### RECORDS FOR THE TASK
######

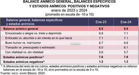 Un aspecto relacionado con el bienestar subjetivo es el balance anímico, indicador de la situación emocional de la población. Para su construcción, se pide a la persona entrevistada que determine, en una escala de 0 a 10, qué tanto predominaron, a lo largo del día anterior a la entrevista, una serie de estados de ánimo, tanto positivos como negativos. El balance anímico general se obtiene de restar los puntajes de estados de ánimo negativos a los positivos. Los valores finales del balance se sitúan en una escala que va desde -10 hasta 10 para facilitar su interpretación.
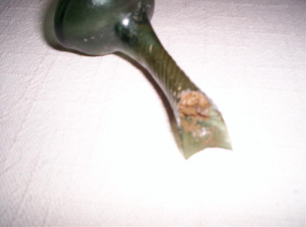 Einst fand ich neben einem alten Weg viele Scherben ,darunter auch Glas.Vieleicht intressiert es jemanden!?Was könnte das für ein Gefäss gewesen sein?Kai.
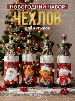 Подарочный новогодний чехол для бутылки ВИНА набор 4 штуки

######

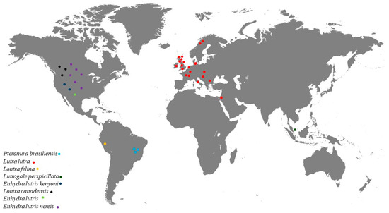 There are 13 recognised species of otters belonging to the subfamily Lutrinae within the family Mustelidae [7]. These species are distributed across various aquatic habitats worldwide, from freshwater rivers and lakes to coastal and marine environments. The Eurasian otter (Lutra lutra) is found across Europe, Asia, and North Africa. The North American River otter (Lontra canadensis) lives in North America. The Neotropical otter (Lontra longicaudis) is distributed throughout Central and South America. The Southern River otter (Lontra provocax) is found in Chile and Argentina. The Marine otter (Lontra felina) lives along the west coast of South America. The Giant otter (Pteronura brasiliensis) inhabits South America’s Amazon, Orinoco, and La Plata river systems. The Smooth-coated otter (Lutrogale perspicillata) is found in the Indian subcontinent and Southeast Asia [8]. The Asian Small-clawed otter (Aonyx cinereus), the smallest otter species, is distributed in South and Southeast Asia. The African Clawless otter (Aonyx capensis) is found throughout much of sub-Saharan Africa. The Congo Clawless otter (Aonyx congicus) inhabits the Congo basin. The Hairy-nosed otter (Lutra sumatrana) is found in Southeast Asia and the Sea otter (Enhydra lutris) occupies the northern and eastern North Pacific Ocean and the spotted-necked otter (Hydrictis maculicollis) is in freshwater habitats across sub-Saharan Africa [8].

######

### TASK GOAL
The reply should hold exactly the lines above, starting at the line with "Un aspecto relacionado" and ending at the line with "Подарочный новогодний чехол", and no pictures.

### RESPONSE
 Un aspecto relacionado con el bienestar subjetivo es el balance anímico, indicador de la situación emocional de la población. Para su construcción, se pide a la persona entrevistada que determine, en una escala de 0 a 10, qué tanto predominaron, a lo largo del día anterior a la entrevista, una serie de estados de ánimo, tanto positivos como negativos. El balance anímico general se obtiene de restar los puntajes de estados de ánimo negativos a los positivos. Los valores finales del balance se sitúan en una escala que va desde -10 hasta 10 para facilitar su interpretación.
 Einst fand ich neben einem alten Weg viele Scherben ,darunter auch Glas.Vieleicht intressiert es jemanden!?Was könnte das für ein Gefäss gewesen sein?Kai.
 Подарочный новогодний чехол для бутылки ВИНА набор 4 штуки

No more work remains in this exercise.